“Not the Same Ol’ House Anymore.”
Permit me, if you will be so kind, to spend a few
minutes in sharing a few ramblings and reflections on my dearest friend.
The day after my dad died, and Sandy and I had
traveled through the night from Connecticut to get here, the first thing Momma said
to me was, “Rick. It’s not the same ol’ house anymore.” No, without “Daddy
Cloyce,” as he was widely affectionately called, it was not, and would never be
again. It might see happiness, but it would not be the same. Eventually Sandy
and I moved down to take over Momma’s care, and when she passed away my
siblings so generously let us have the house. It became our home for the next 15
years. One year ago today she went to dwell in another, “eternal in the
heavens.” This one has not been the same. A house at its best, is not a home.

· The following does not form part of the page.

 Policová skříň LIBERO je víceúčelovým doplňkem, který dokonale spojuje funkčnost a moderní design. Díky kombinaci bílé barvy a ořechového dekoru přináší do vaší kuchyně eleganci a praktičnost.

I knew that she understood her physical
limitations and accepted them as from the Hand that was pierced for her on
Calvary, as being in accord with His wise, gracious, and loving purpose. While
she was content for herself, I didn’t want her to think I was not content also.

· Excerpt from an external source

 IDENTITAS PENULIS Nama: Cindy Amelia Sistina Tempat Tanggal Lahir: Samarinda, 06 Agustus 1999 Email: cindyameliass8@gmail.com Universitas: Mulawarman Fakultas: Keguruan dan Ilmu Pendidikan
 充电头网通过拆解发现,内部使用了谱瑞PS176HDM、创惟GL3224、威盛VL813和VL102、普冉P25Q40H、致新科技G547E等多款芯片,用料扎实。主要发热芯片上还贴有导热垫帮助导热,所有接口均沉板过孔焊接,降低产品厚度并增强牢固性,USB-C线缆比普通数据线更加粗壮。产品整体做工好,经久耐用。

In the latter years of our marriage (I wish I had started many years earlier!),
I used to close each day with, “Next to being saved, you’re the best thing that
ever happened to me in my life, and I’ve had a very happy life,” and “I don’t
love you more than anything; I love you more than everything,” and “Next to
Himself, TO WHICH NOTHING CAN BE COMPARED, you are the greatest gift God ever
gave to me.”
I once wrote to her—
From East to West, from North to South,
it doesn’t matter where
Familiar parts, or strange and new
I really do not care.
Any season, any clime
will be the perfect place and time
As long as You are there.
In order that she not think I was envious of those
who were “free” to go to faraway places and participate in conferences and
other great things, I would tell her something like, “There isn’t anywhere I
could be without you, or anything I could be doing without you, or anyone I
could be with, without you, that I wouldn’t
rather be right here alone with you in this little living room in Wanchese.” (We lived, ate, and slept in our living room,
except when she needed “side time” for the sake of preventing bed sores.) A doctor once told me she would not be able to
come off the ventilator and would have to be placed in a facility far from
home. He was wrong about her prognosis, came off the ventilator less than a
week later, but I knew when he first said it that my home would be wherever she
was.
It was very plain to me that the Lord brought to Himself
much more glory through her than through anything I had ever done, and I told
her so. I felt that being a caregiver to her was what the Lord had called me
to, and I was grateful for it.
I sometimes used to say to her, that if there was
one thing the Mormons believe that I wouldn’t mind being true, it was their
doctrine about our being married in the life to come. In answer to the
question, “Will we know one another in heaven?” the great Puritan theologian
John Owen said we will hardly recognize one another, for not only will we be
sinless, but we will be seeing one another with sinless eyes, (i.e., with a
clarity of “vision” we are incapable of in this life), but we will know one another.
A sinless Sandy and a sinless me! Wow, wouldn’t that be great! Of course, this
is not only to want something contrary to Scripture, but it is to vastly underestimate
the “exceeding weight” of the true eternal joys of heaven, of which even our
highest earthly joys and pleasures are but brief and glimmering tokens. I have
no fond dream of the world to come as being a sinless and wiser
happily-ever-after re-start of the life that was before. It will be so much better
than that! Here below, God distributes the parcels of His goodness to us
through our fellow creatures; i.e., fellow believers, our families, and
pre-eminently, hopefully, for those called to it, through those godly ones to
whom we are united in marriage. But in glory, where the Lamb is the light and
there is neither sun nor moon to mediate that light, “being made perfect,” we
will behold Him “face to face,” as our departed godly loved-ones do even now in
their spirits. We will not be married,
and we will not need to be. We will not “be alone.” All the saints will thrill
with joy in the perfect vision of the glory of God which we will behold directly in the Lamb.
Even though gloriously reflected in one another, and rejoicing in that, the Lord
will be our common portion, our endless fountain of bliss, our overwhelming “good,”
more than all we can imagine. Our time for married love and all the blessedness
that attends it, is now, “until death us do part.”
I thank God every day for the gift He gave me. As
much as I wish she had not had to be taken from me (though I recognize the
loving wisdom of God in it), and as much as I miss her (not a day goes by
without some tears for my loss), I would not have her back. She is with One who
loves her infinitely more and better than I did.
To all my married friends I would say, while you
are here, now, while you still have the opportunity, love your spouse, love
them as wisely, as passionately, as thoughtfully, as patiently and generously
as you can while you can. Love them even better than you can, through the
working of the Holy Spirit, the Spirit of Love. Love them in the great tasks
and sacrifices, over the long haul, and no less in the little favors that get
asked, the ones that don’t, and the little pleasantries that come and go. And,
when you fail to love one another as Christ loved you, as I so often did, look
unto Jesus for more grace, forgive one another, and keep loving.